When her crazed mother ODs and dies, Jeliza-Rose (Jodelle Ferland) and her washed-up dad Noah (Jeff Bridges) move to a decrepit Texas farm. But like most junkies, Noah soon dies as well. Jeliza-Rose seems to go into denial, letting her father's body sit in the house as she explores the rippling grass -- like a sea -- around her house, spinning a series of dreamlike fantasies.
She's accompanied by four doll's heads and a variety of fantastical visions, all to help her cope with her loneliness. But then she befriends the child-man Dickens (Brendan Fletcher) and his eccentric sister Dell (Janet McTeer). A darker side starts to creep into Jeliza-Rose's world, as Dickens' vendetta against the Monster Shark leads to disaster.
Terry Gilliam has basically made a career out of being weird, and all the movies he's made reflect that.
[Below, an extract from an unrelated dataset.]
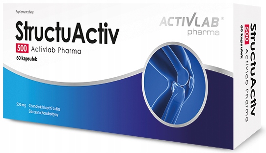 Activlab structuactiv 500 - это пищевая добавка, которая содержит кислый хондроитинсульфат (хондроитини Natry Sulfas). Указано для использования для облегчения симптомов остеоартрита. Рекомендуется в случае воспаления костей и суставов, в случае боли в суставах и для использования в регенерации суставного хряща. Это один из основных компонентов кости и хряща. Он отвечает за предоставление механических и гибких свойств хряща. Хонруитинсульфат ингибирует активность литиевых ферментов в хряще и стимулирование биосинтеза протеогликанов, которые строят суставной хрящ. Подготовка в одной капсуле содержит до 500 мг хондроитинсульфата для защиты суставов. Хонруитинсульфат приводит к четкому снижению боли, ощущаемого в связи с воспалением костей и суставов. Его принятие приводит к значительному улучшению функционирования рук и смягчению утреннего укрепления суставов. Это безопасно и эффективно. Свободно от лактозы и глютена

Sometimes his movies are absolutely brilliant ("Brazil"), and sometimes it's just average ("Brothers Grimm"). It's too soon to judge how "Tideland" will be remembered, but I'm thinking that it will be remembered as one of Gilliam's most moving films.
The plot is pretty simple -- incomprehensible to those expecting a "normal" story -- but it sort of drifts off after Noah's demise. It would have been nice to have a bit more complexity there. But Gilliam does keep it afloat by relying mostly on Jeliza-Rose's imagination to keep the story going, sort of like Alice in Wonderland did.
Gilliam has always been great at surreal stuff, and he has all sorts here -- talking squirrels, the talking doll-heads, a house sinking into the earth, and a guy who prowls around the prairie in SCUBA gear. Even the landscape -- golden seas of grass, gnarled trees -- has a weird, unearthly look.
But for all this whimsy, Gilliam keeps his eye on the dark side of things -- Jeliza-Rose is trying to escape the horrors of her reality, through a sort of controlled madness. Even when she returns to reality, she won't be able to escape the death and sorrow -- so maybe a little madness is necessary to keep sane.
Jodelle Ferland deserves a special shout-out, especially since she's the center of the entire movie. Her Jeliza-Rose is a wonderful kid -- precocious, intelligent, creative and surprisingly innocent considering that we see her prepping heroin for her dad. But she's still a child, with all of a child's vulnerabilities and fears, and Ferland makes us feel that as well.
"Tideland" is not a fun movie -- it's disturbing, macabre, and very funny, with some charmingly whimsical visuals. Hate it, love it, but nobody will be on the fence about it.